MATERIAL SUPPLIED
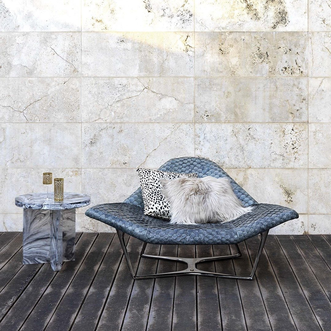 Fotel Wings firmy Roberto Cavalli Home Interiors. Struktura z wielowarstwowego drewna i pianki. Tapicerka z tkaniny lub skóry z kolekcji. Metalowa podstawa dostępna we wszystkich szczotkowanych wykończeniach. Podana cena jest ceną w tkaninie z kategorii A. Fotel dostępny w różnych tkaninach oraz skórach. Wymiary: 145 x 105 x 75 cm.
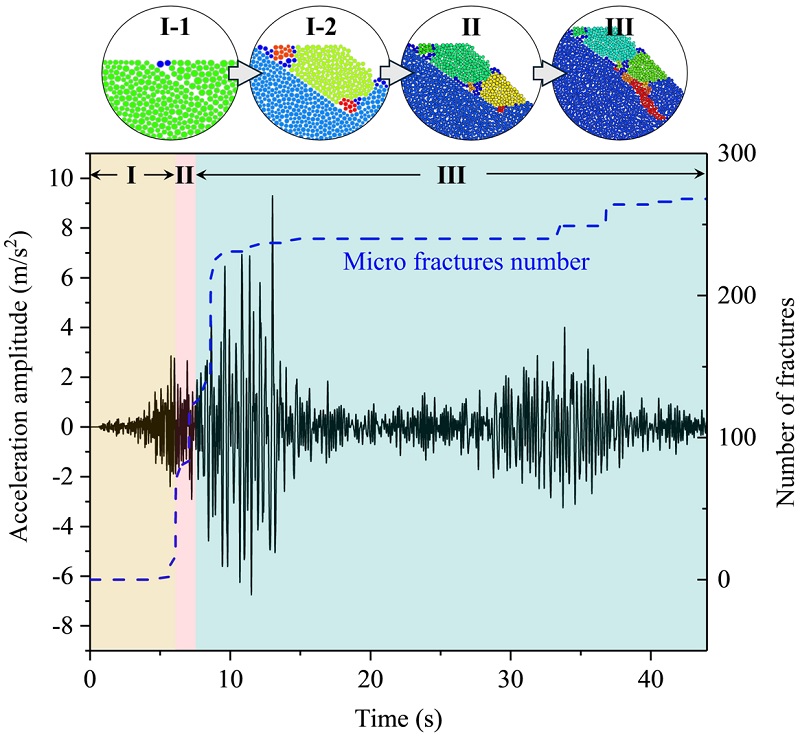 震裂边坡的动力学行为受结构面的显著控制,现有研究多聚焦于贯通型结构面的作用,而对具有关键控制作用的非贯通结构面关注不足。本研究基于大型振动台试验与离散元数值模拟,揭示了非贯通结构面对边坡地震响应与渐进性破坏过程的影响。研究结果表明:(1)受结构面控制,边坡的高地震响应区由坡顶向结构面开口附近转移,形成沿坡面分布的“高响应带”,该区域与最终破坏区高度重合,表明其为潜在失稳触发区。(2)边坡地震响应具有明显的非线性特征,随着地震动强度增加,材料剪切模量降低、阻尼比增大,能量吸收增强,整体响应反而减弱;同时坡面水平加速度放大系数随坡高增加而增大,中上部坡体出现显著放大。(3)边坡破坏呈现三阶段渐进性特征:地震初期,坡肩结构面开口处首先发生拉伸裂缝,形成局部解体;中期裂缝贯穿并与结构面连接形成主滑动面,引发整体失稳;后期裂缝继续向坡脚扩展,形成次滑动面,控制最终破坏范围。研究指出,震裂边坡地震风险评估中应重点关注非贯通结构面引起的高响应区偏移及裂缝演化特征,以提升对边坡失稳机制与灾害规模的预测精度。
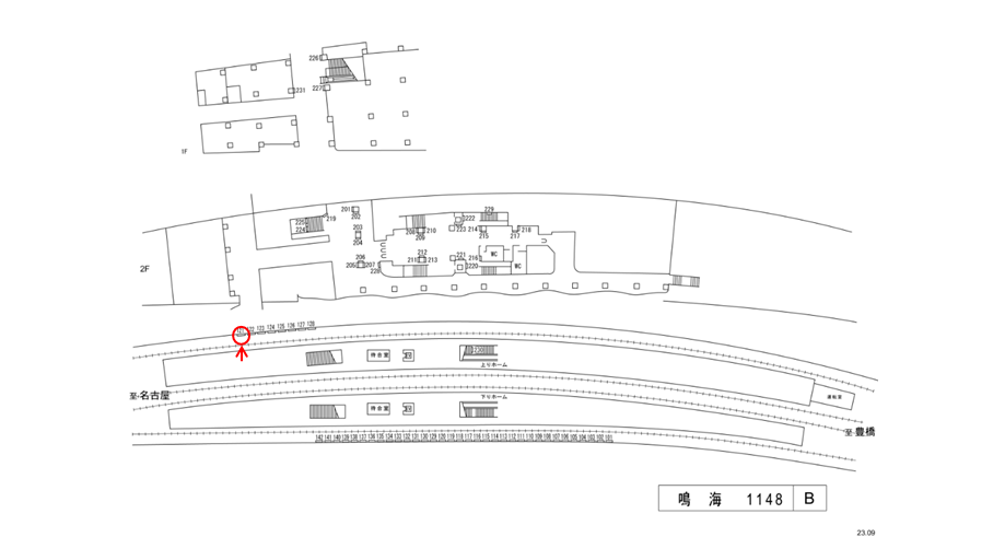 名鉄 鳴海駅のホーム前にある広告看板です。
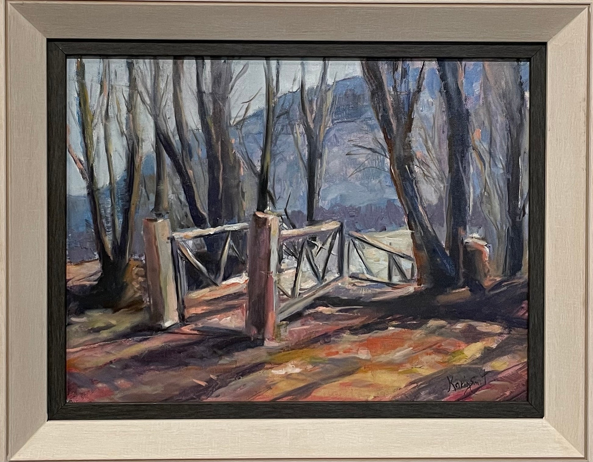 Introducing the Sunnyside Bridge, a stunning oil painting by Karin Smit featuring a bridge enveloped in winter sunlight and framed by barren trees. Add a touch of elegance to your space with this luxurious artwork that captures the beauty of nature in a sophisticated and exclusive style.
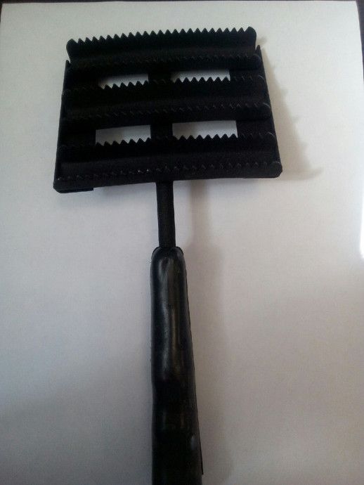 Скребница изготовлена в двухстороннем исполнении. Для поверхностной чистки используются три ряда мелких зубцов, для более глубокой чистки и при сильном загрязнении используется верхний ряд крупных зубцов. На нижней части имеется 3 ряда мелких зубцов. Верхний и нижний ряд состоят из 20 зубцов высотой 6 мм, средний ряд состоит из 18 зубцов высотой 6 мм. На верхней части имеется один ряд из 6 зубцов высотой 16 мм. Благодаря жесткой обрезиненной рукоятке, скребница удобно располагается в ладони.
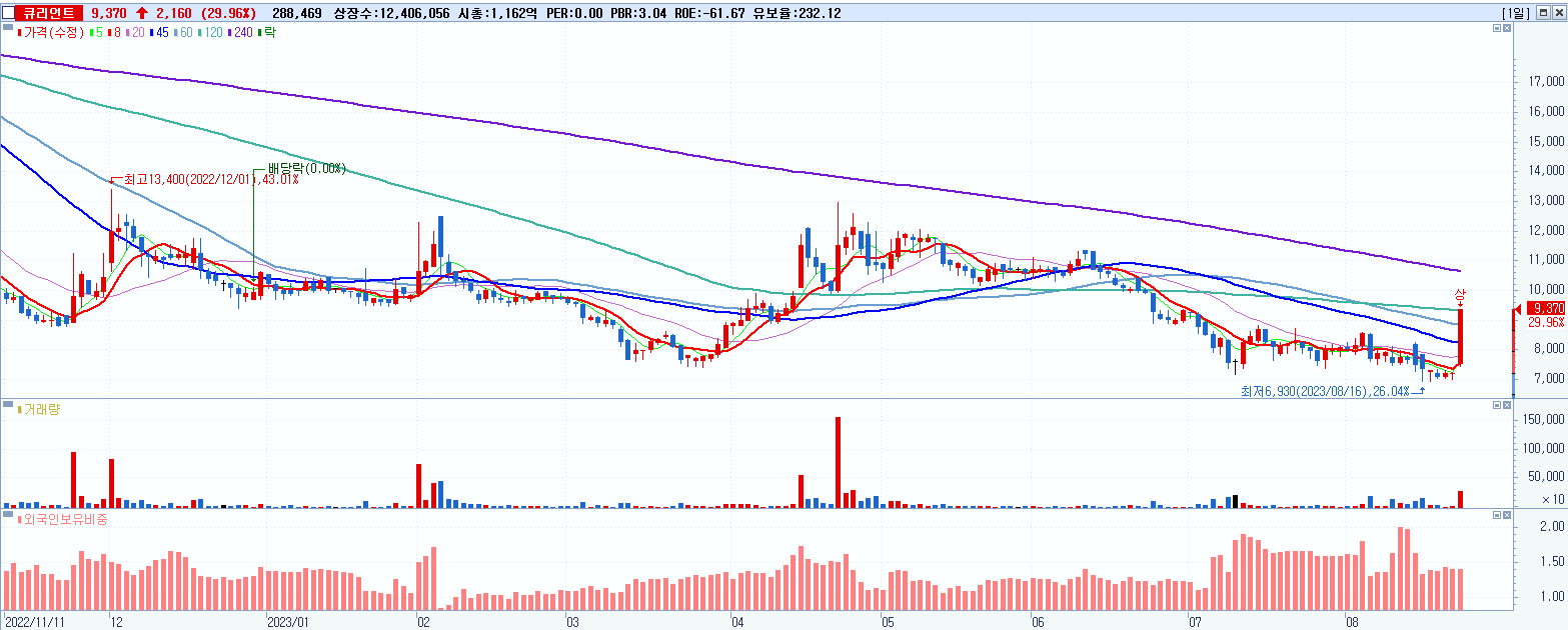 - 큐리언트 (9,370원 ▲ 29.96% , 시총: 1,162억, 거래량: 288,971, 거래대금:26억)
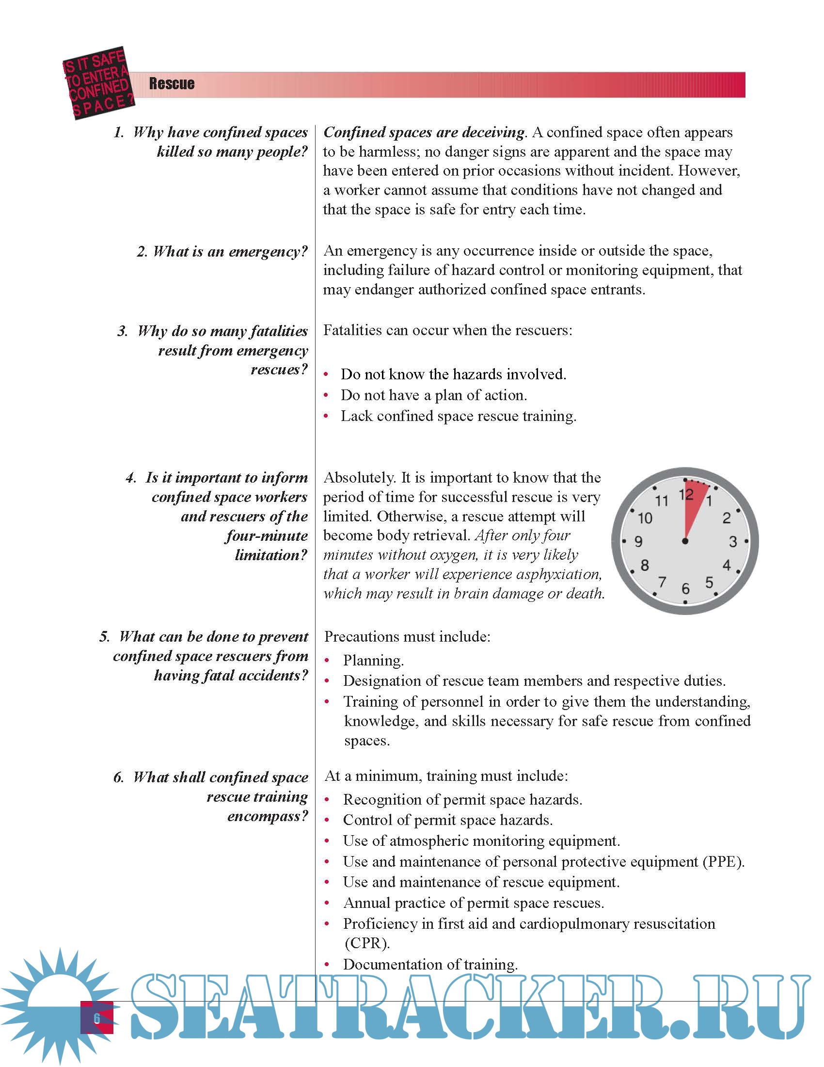 Regulatory Requirements 1 .................................................................................................................... Introduction 2 .......................................................................................................................................... Fatal Facts 4 ............................................................................................................................................. Rescue 5 .................................................................................................................................................... Emergency 6 ........................................................................................................................................ Self-Rescue, Non-Entry, and Entry Rescue 7 ...................................................................................... Rescue Training and Plan 8 ................................................................................................................. On-Site Rescue Team vs. Off-Site Rescue Team 9 .............................................................................. Rescue Equipment 11 .......................................................................................................................... Definitions and Basics 13 ........................................................................................................................ General Terminology Confined Space; Immediately Dangerous to Life or Health (IDLH); Permissible Exposure Limits (PEL); Entry 14 ...................................................................................................................... Permit Evaluation Permit-Required vs. Non-Permit Confined Space; Space Reclassification; Alternate Procedures; Permit-Required Confined Space Program (Hot Work and Host Employer-Contractor) 17 ........................................................................................................................... Confined Space Hazards 24 .................................................................................................................... Atmospheric Hazards Oxygen Deficiency/Enrichment; Combustible/Flammable/Explosive Gases and Vapors; Combustible Dust; Toxics; Safety Data Sheets (SDS); Monitoring-Air Sampling and Equipment 25 ..................................................................................................................... Physical Hazards Mechanical; Entrapment; Engulfment; Other Types of Hazards 33 ............................................................................................................................. Hazard Controls 35 ................................................................................................................................ Controls for Atmospheric Hazards Ventilation; Respiratory Protection; Other Control Measures 36 ................................................................................................. Controls for Physical Hazards Isolation (Mechanical, Electrical, Pressurized Lines, Ducts, or Pipes); Other Control Measures 38 ........................................................................................................ Personal Protective Equipment and Tools 40 ...................................................................................... Communication System 41 ..................................................................................................................

TASK REQUIREMENTS
Go back to the entries above and restate word for word every line from the first through the one that contains "Introducing the Sunnyside", leaving the pictures behind.

RESPONSE BOX
 Fotel Wings firmy Roberto Cavalli Home Interiors. Struktura z wielowarstwowego drewna i pianki. Tapicerka z tkaniny lub skóry z kolekcji. Metalowa podstawa dostępna we wszystkich szczotkowanych wykończeniach. Podana cena jest ceną w tkaninie z kategorii A. Fotel dostępny w różnych tkaninach oraz skórach. Wymiary: 145 x 105 x 75 cm.
 震裂边坡的动力学行为受结构面的显著控制,现有研究多聚焦于贯通型结构面的作用,而对具有关键控制作用的非贯通结构面关注不足。本研究基于大型振动台试验与离散元数值模拟,揭示了非贯通结构面对边坡地震响应与渐进性破坏过程的影响。研究结果表明:(1)受结构面控制,边坡的高地震响应区由坡顶向结构面开口附近转移,形成沿坡面分布的“高响应带”,该区域与最终破坏区高度重合,表明其为潜在失稳触发区。(2)边坡地震响应具有明显的非线性特征,随着地震动强度增加,材料剪切模量降低、阻尼比增大,能量吸收增强,整体响应反而减弱;同时坡面水平加速度放大系数随坡高增加而增大,中上部坡体出现显著放大。(3)边坡破坏呈现三阶段渐进性特征:地震初期,坡肩结构面开口处首先发生拉伸裂缝,形成局部解体;中期裂缝贯穿并与结构面连接形成主滑动面,引发整体失稳;后期裂缝继续向坡脚扩展,形成次滑动面,控制最终破坏范围。研究指出,震裂边坡地震风险评估中应重点关注非贯通结构面引起的高响应区偏移及裂缝演化特征,以提升对边坡失稳机制与灾害规模的预测精度。
 名鉄 鳴海駅のホーム前にある広告看板です。
 Introducing the Sunnyside Bridge, a stunning oil painting by Karin Smit featuring a bridge enveloped in winter sunlight and framed by barren trees. Add a touch of elegance to your space with this luxurious artwork that captures the beauty of nature in a sophisticated and exclusive style.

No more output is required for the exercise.